AG: Some of the ideas that (Basil) Bunting was laying out, I would like to lay out here because they’re just very interesting. He was saying that, first of all, English poetry was sung up until the 17th century. All the poets wrote for singing including, of all people, John Donne! – Donne was sung. He was put to music by a fellow named Ferrabosco of that era (do you know anything about that?) – Well, apparently Donne was actually sung. Donne is usually taught nowadays as if he… you know.. he has one or two songs, like “Go And Catch A Falling Star”, but, generally, it doesn’t look like it can be sung, but he was actually, and there were composers who delighted in doing it, tho’ they were… there was a kind of singing of that time that was…

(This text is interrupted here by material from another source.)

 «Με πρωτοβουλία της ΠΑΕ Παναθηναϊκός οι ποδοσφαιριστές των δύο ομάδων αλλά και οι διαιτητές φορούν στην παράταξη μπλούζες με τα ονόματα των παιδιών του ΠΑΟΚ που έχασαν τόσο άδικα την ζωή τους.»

Student: Was that after the fact?
AG: No, at the time, contemporary.
Student: No, But I mean, was the poems first and the poets, or was the music..

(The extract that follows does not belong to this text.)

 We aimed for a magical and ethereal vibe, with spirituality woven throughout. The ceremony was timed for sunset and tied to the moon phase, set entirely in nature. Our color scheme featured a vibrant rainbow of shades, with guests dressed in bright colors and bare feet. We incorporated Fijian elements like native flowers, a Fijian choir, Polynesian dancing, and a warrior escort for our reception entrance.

AG: It was composed by a composer. He was friends with composers. It was close enough that it was actually of the same circle and it was thought of as words for a song. But it was a different kind of singing. Both Ralegh and Donne apparently had songs that were like somber readings, that were more like… that were approaching song, but it wasn’t really a song, but with music… Bunting pointed out that the idea of song of this kind was.. (song as song, like we have with Wyatt), was imported, and that the originator of the… the great cultural center for that was – Lorenzo de’ Medici (what century is he? does anybody know?) Medici – Lorenzo de Medici, I guess fifteenth-century actually, probably. fourteen-something probably….[Editorial note – Lorenzo de’ Medici was born in 1469 and died in 1492] – and that he himself, Lorenzo, sang songs which were, as Bunting describes them, “the “top ten” of their day”, that he himself sang, and was known to go around the streets, (I guess, (in) what was that? – Florence?), and sing, during festivals. And that the tradition of songs that was brought from Europe came to England .

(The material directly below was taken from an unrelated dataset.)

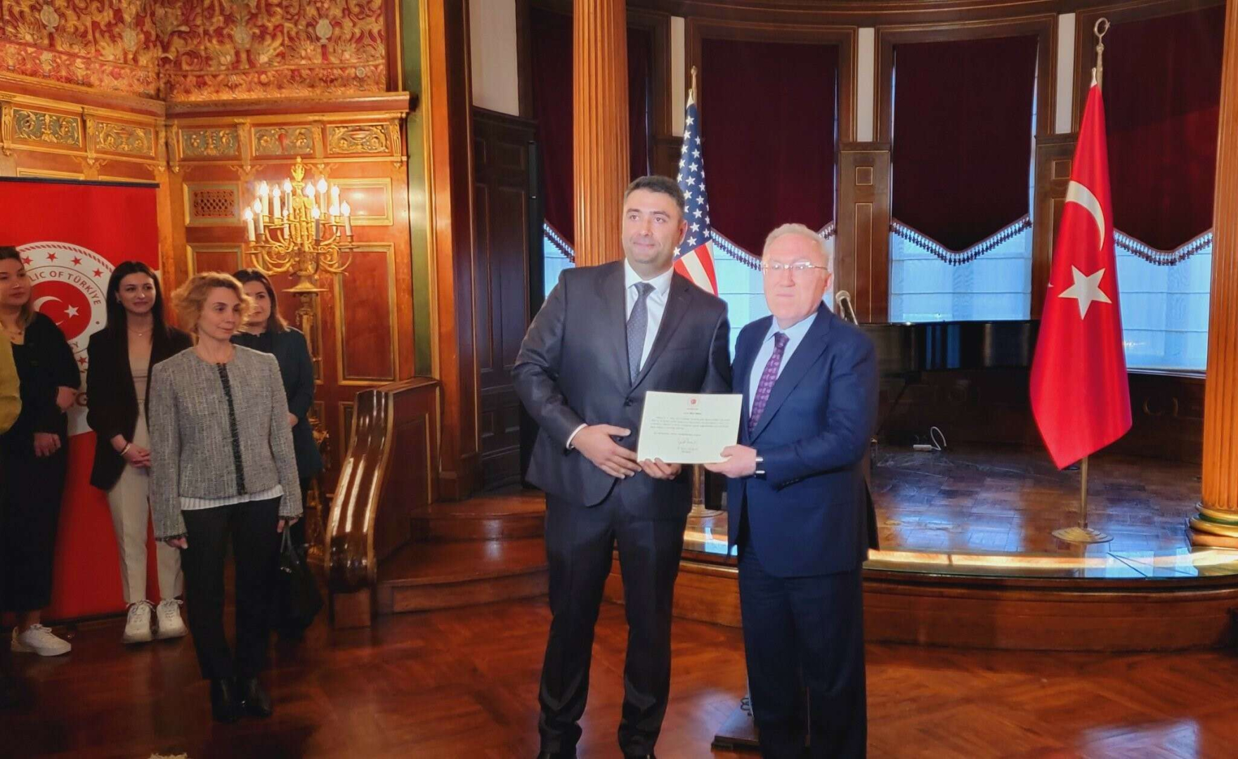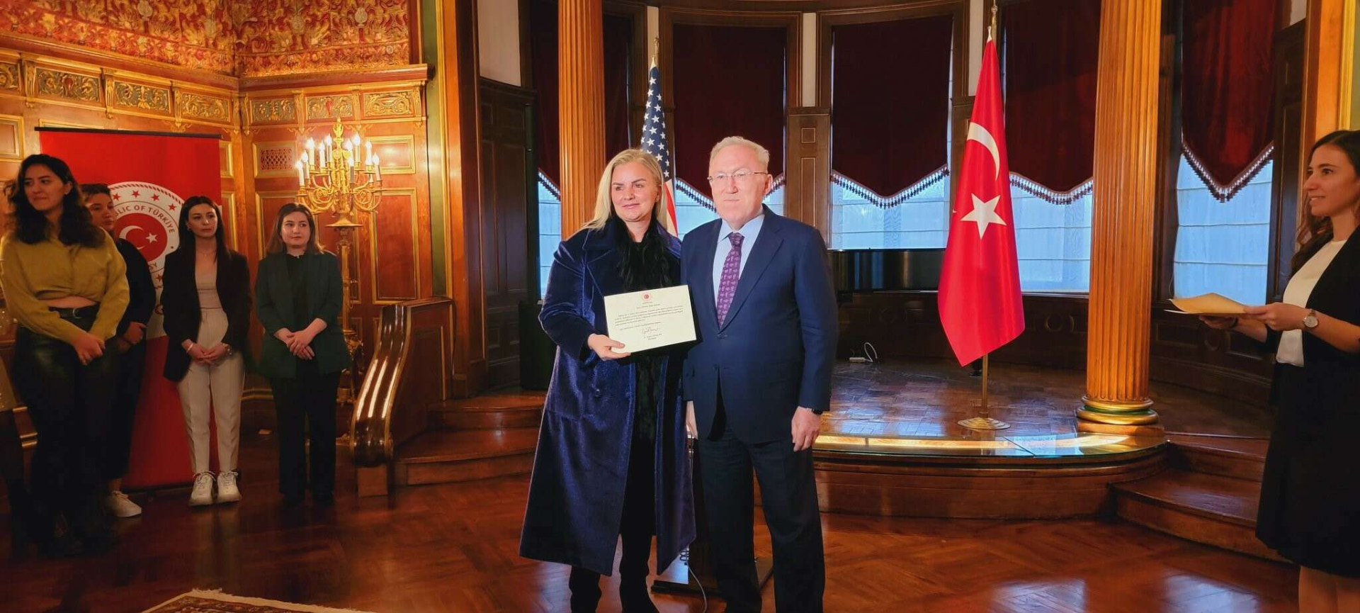 Türkiye'nin Washington Büyükelçisi Hasan Murat Mercan, Türkiye’deki depremzedeler için düzenlenen yardım kampanyasında çalışan gönüllülere teşekkür belgesi verdi.

And, naturally, other courts picked up on it, (and) thought it was great, so, apparently, Henry VII and Henry VIII were accomplished musicians and cultivated music. Lorenzo de Medici cultivated all the great painters of his time as well as the musicians. So it was a great era. And (Ezra) Pound describes that, (some of it), himself, in the Cantos, picks up on the Medici brilliance, the brilliance of the Medici court(s), as an ideal social State.He points out that syllabic meter (that’s the count of syllables) is French (everybody knows that – well, not everybody, but it’s commonly understood that the French count syllables – but also Welsh is a syllabic count) – And where it gets its variety is from… (because the accents fall almost anywhere), it’s a strict count of syllables, a certain amount of syllables to the line – (And) you can see examples of the Welsh style in a later form in Marianne Moore.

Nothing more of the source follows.